4 November 2013

Pflanzenproduktion und globaler Wandel

Wissenschaftler forschen an der Entschlüsselung und Steuerung von Bodenprozessen für neue Nutzungskonzepte von Böden

Wovon das Wachstum und die Stoffwechselaktivität von Bodenbakterien abhängen und wie diese die Entwicklung von Pflanzen beeinflussen, erforschen Wissenschaftler des Helmholtz Zentrums München in Kooperationen mit den Universitäten in Groningen und Lyon. Fragen dieser Art gewinnen zunehmend an Bedeutung: Ein ständig steigender Bedarf an Nahrungs- und Futtermitteln und der Anbau nachwachsender Rohstoffe erfordern neue Nutzungskonzepte für Böden. Zumal durch den Klimawandel in Zukunft zusätzliche Herausforderungen für die Landwirtschaft zu erwarten sind.

Die Wissenschaftler konnten zeigen, dass intensive landwirtschaftliche Nutzung von Böden den Wettbewerb um Nährstoffe zwischen Pflanzen und Mikroorganismen verschärft, falls Düngermenge und –art nicht den veränderten Gegebenheiten angepasst werden. Unter extremen klimatischen Bedingungen, wie sie immer häufiger auch in gemäßigten Breiten vorkommen, sind die anpassungsfähigeren Mikroorganismen den Pflanzen gegenüber klar im Vorteil und können deren Wachstum negativ beeinflussen.

„Ziel der Forschung ist es, die Prozesse im Boden zu entschlüsseln und so zu steuern, dass diese optimale Pflanzenerträge gewährleisten“, sagt Prof. Dr. Michael Schloter, Leiter der Abteilung Umweltgenomik am Helmholtz Zentrum München. „Der Boden ist vergleichbar mit einem Bioreaktor. Sobald wir diesen besser erfassen können, werden wir in der Lage sein, Strategien zu entwickeln, um Ein- und Austräge von Nährstoffen optimal an die Bedürfnisse der Pflanzen anzupassen“. Durch ihre Forschung ist es den Wissenschaftler bereits gelungen wichtige Bodenmikroorganismen zu identifizieren und deren Verhalten in Bezug auf Klima und landwirtschaftlichem Management zu verstehen.

Dieses Wissen gilt es nun zu nutzen, um Interaktionen zwischen Mikroorganismen und Pflanzen so zu verbessern, dass Erträge in Abhängigkeit von den jeweiligen Standorteigenschaften optimiert werden können.
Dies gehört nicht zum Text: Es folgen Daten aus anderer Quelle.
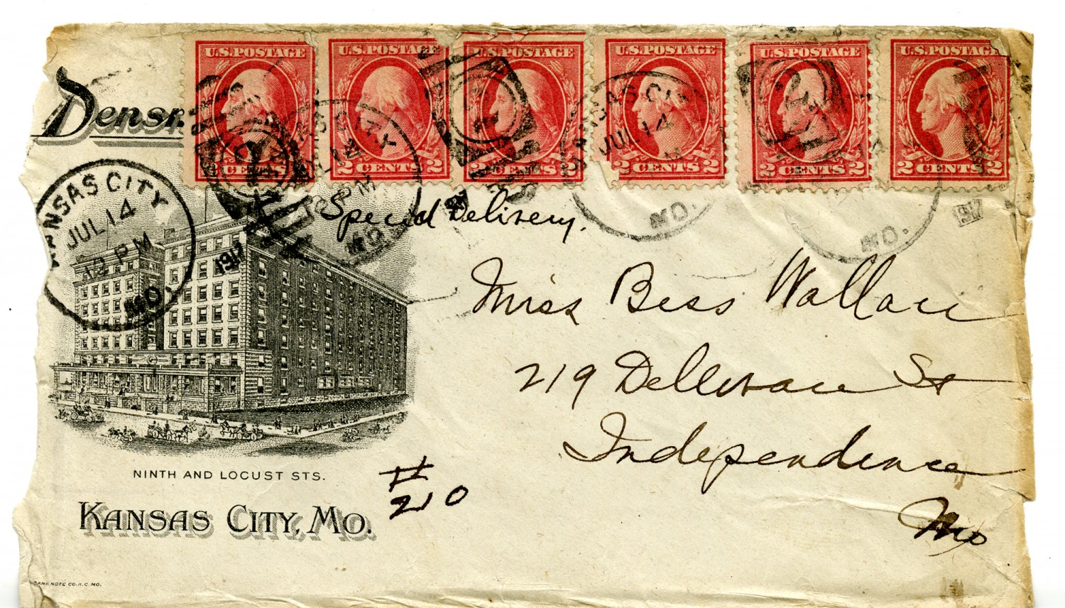 [Envelope]Special Delivery Miss Bess Wallace 219 Delaware St. Independence, [Missouri]#210 [stamp] KANSAS CITY JUL 14 12 PM [Missouri]
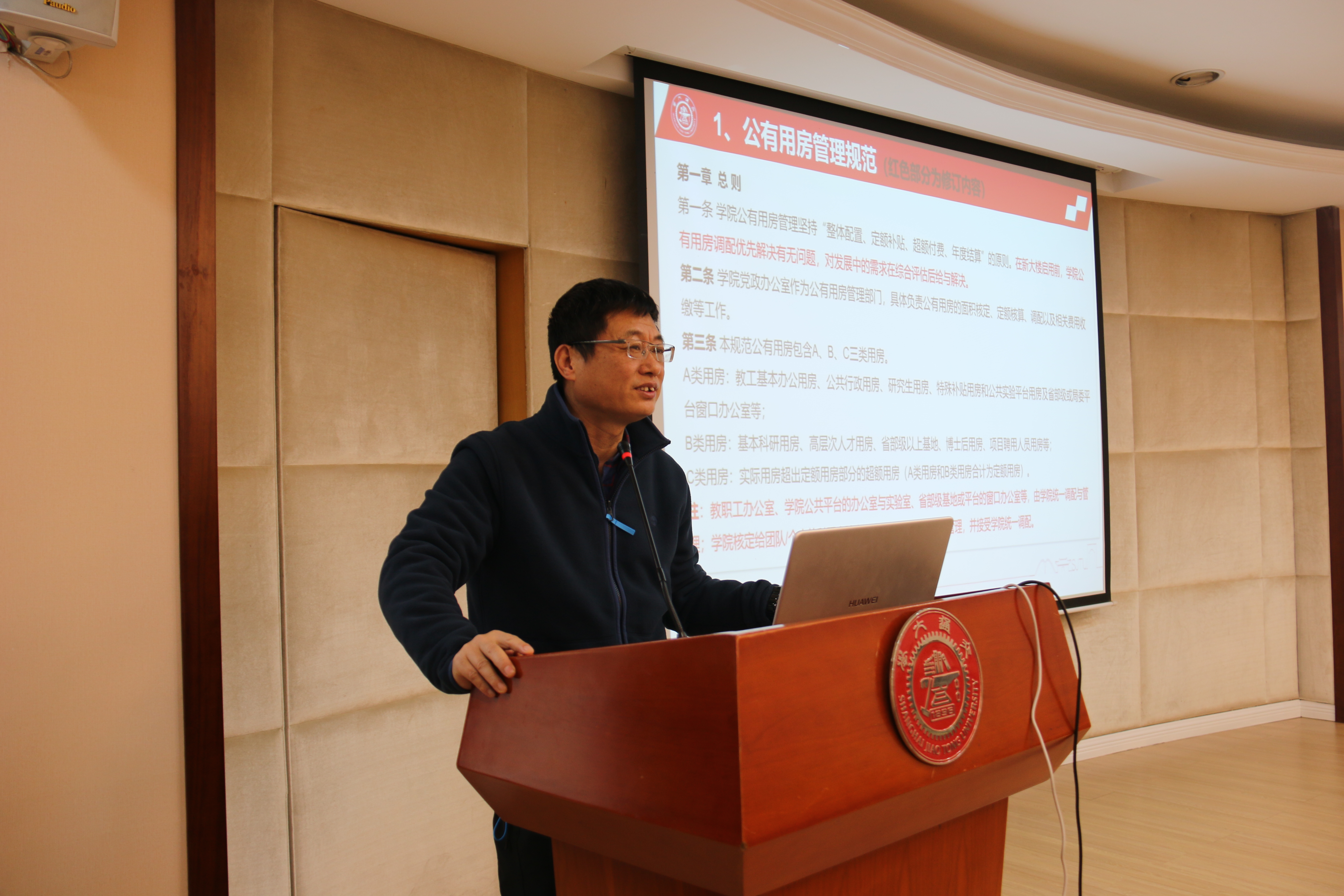 副院长许振明向与会人员介绍了太阳集团tcy8722的官方网站公有用房管理规范、实验室安全管理奖惩机制及实验室大型仪器设备资源共享管理办法。

Dazu zählen zum Beispiel Fragen, inwieweit in Zukunft verstärkt Nährstoffvorräte aus dem Unterboden genutzt werden können. „Erste Ergebnisse hierzu, die im Rahmen von Kurzzeitversuchen erzielt wurden, erscheinen erfolgsversprechend“, sagt Schloter. „Nun müssen diese Aussagen in Langzeitversuchen überprüft werden“.

Weitere Informationen

Das Helmholtz Zentrum München verfolgt als deutsches Forschungszentrum für Gesundheit und Umwelt das Ziel, personalisierte Medizin für die Diagnose, Therapie und Prävention weit verbreiteter Volkskrankheiten wie Diabetes mellitus und Lungenerkrankungen zu entwickeln. Dafür untersucht es das Zusammenwirken von Genetik, Umweltfaktoren und Lebensstil. Der Hauptsitz des Zentrums liegt in Neuherberg im Norden Münchens. Das Helmholtz Zentrum München beschäftigt rund 2.000 Mitarbeiter und ist Mitglied der Helmholtz-Gemeinschaft, der 18 naturwissenschaftlich-technische und medizinisch-biologische Forschungszentren mit rund 34.000 Beschäftigten angehören. Das Helmholtz Zentrum München ist Partner im Deutschen Zentrum für Diabetesforschung e.V.

Die selbstständige Abteilung Umweltgenomik (EGEN) untersucht die Struktur und Funktion mikrobieller Gemeinschaften im Boden und identifiziert abiotische und biotische Parameter die Abundanz, Diversität und Aktivität der entsprechenden Mikrobiome steuern. Das Ziel ist, die genetischen Ressourcen des Bodenmikroflora für eine nachhaltige Bioökonomie besser nutzbar zu machen. EGEN gehört dem Department of Environmental Sciences an.